Probing Mechanical Properties of Solid-Electrolyte Interphases on Li Nuclei by In Situ AFM

Mechanical properties of solid-electrolyte interphases (SEIs) play pivotal roles in maintaining reversible cycling of Li metal anode. However less attentions have been paid to the integration of kinds of SEIs on Li nuclei, and precise characterization of mechanical properties of SEIs also appear challenging. Herein, we employ combined in-situ atomic force microscope (AFM) based nanoindentation and peak force quantitative nanomechanics (QNM) methods to explore structures, thickness and Young's moduli of three kinds of SEIs which may appear in anode-free Li metal batteries, and correlate mechanical properties with chemical and/or electrochemical origins. Results show that SEIs formed by electrochemical reduction bear conventional double layer structures and are much thicker with smaller Young's moduli, compared with the inorganic-organic hybrid SEIs formed with involvement of chemical reactions. In-situ AFM monitoring of morphology evolution shows that coexistence of different kinds of SEIs on individual Li nuclei, even with apparently minor differences in thickness and Young's moduli, could result in breakages of SEI shells upon dissolution of Li nuclei.
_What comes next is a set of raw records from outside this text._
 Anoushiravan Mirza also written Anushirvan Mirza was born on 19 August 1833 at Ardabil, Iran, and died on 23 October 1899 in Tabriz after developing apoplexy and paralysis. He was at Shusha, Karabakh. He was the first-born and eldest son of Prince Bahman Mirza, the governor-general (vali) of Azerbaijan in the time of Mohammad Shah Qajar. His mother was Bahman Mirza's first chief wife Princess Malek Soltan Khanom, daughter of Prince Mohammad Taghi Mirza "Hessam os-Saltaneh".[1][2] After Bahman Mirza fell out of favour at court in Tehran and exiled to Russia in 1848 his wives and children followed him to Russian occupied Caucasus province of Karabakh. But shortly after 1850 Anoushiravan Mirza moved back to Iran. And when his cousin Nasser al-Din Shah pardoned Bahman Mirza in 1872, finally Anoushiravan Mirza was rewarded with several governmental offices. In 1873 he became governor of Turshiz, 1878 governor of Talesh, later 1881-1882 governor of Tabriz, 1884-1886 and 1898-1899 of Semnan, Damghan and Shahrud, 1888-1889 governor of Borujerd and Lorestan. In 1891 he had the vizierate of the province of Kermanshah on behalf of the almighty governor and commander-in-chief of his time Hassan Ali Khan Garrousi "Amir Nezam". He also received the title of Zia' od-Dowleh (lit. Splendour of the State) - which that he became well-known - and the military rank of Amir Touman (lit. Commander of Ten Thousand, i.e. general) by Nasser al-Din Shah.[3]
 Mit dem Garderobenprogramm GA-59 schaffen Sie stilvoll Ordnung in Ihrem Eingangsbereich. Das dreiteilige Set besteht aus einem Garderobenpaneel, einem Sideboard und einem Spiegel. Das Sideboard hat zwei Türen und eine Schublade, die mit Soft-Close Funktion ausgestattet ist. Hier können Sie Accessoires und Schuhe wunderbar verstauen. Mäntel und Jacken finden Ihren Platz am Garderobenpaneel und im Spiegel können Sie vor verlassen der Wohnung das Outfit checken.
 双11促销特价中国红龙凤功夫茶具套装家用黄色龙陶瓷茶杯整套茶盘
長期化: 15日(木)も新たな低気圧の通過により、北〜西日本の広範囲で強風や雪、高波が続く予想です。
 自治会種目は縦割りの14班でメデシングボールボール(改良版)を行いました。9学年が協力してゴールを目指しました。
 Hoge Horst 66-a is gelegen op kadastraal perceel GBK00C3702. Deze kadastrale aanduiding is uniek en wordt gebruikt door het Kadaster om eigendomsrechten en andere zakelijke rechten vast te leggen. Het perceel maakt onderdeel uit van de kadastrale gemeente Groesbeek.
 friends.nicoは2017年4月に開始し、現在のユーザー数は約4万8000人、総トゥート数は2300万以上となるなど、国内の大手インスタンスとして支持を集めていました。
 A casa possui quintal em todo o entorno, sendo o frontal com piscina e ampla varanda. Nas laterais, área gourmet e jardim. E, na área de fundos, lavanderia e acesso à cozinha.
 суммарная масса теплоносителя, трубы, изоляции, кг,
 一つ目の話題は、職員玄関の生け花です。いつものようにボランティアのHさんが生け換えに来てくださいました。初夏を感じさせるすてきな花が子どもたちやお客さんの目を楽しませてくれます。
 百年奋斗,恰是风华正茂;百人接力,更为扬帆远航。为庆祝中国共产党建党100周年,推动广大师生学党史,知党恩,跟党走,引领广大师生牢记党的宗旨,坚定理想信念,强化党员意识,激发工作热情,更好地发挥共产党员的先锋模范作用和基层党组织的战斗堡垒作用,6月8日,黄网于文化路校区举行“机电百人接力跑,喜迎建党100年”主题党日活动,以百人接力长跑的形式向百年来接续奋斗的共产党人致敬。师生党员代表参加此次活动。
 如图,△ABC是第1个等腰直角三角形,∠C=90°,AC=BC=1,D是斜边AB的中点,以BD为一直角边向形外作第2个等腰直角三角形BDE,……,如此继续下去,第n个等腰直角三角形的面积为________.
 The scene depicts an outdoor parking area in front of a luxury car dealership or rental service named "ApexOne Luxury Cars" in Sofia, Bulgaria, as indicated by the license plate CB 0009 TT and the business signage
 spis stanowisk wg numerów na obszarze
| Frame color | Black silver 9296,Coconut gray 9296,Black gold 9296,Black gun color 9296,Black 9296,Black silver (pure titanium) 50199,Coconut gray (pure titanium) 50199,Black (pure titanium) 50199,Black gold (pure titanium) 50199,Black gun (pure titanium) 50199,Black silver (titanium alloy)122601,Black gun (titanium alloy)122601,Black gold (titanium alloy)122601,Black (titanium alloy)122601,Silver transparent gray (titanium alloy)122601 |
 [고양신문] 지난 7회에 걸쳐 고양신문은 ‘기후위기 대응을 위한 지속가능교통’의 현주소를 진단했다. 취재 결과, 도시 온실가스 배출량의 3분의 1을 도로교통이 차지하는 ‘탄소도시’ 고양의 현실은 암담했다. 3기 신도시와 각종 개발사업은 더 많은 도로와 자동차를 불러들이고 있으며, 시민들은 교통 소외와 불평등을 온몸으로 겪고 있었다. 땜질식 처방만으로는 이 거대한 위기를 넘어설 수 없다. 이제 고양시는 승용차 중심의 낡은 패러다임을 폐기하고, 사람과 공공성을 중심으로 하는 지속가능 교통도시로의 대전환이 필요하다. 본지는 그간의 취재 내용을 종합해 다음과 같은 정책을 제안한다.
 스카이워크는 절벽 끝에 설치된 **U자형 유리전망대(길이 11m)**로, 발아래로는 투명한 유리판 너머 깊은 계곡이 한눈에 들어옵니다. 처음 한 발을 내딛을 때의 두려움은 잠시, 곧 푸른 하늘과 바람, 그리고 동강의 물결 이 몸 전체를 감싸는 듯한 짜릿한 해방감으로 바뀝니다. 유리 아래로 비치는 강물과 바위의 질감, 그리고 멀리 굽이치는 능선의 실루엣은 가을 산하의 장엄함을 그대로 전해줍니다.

Our work reveals the importance of integration of kinds of SEIs on Li nuclei and demonstrates the advantage of combined use of nanoindentation and QNM methods in understanding the cause mechanical point of view.

Automated summary

This study investigates the structures, thicknesses, and Young's moduli of three types of solid-electrolyte interphases (SEIs) in Li metal batteries using in-situ atomic force microscope (AFM) based nanoindentation and peak force quantitative nanomechanics (QNM) methods. The study finds that SEIs formed by electrochemical reduction have a traditional double layer structure and are thicker with smaller Young's moduli compared to the inorganic-organic hybrid SEIs formed with chemical reactions.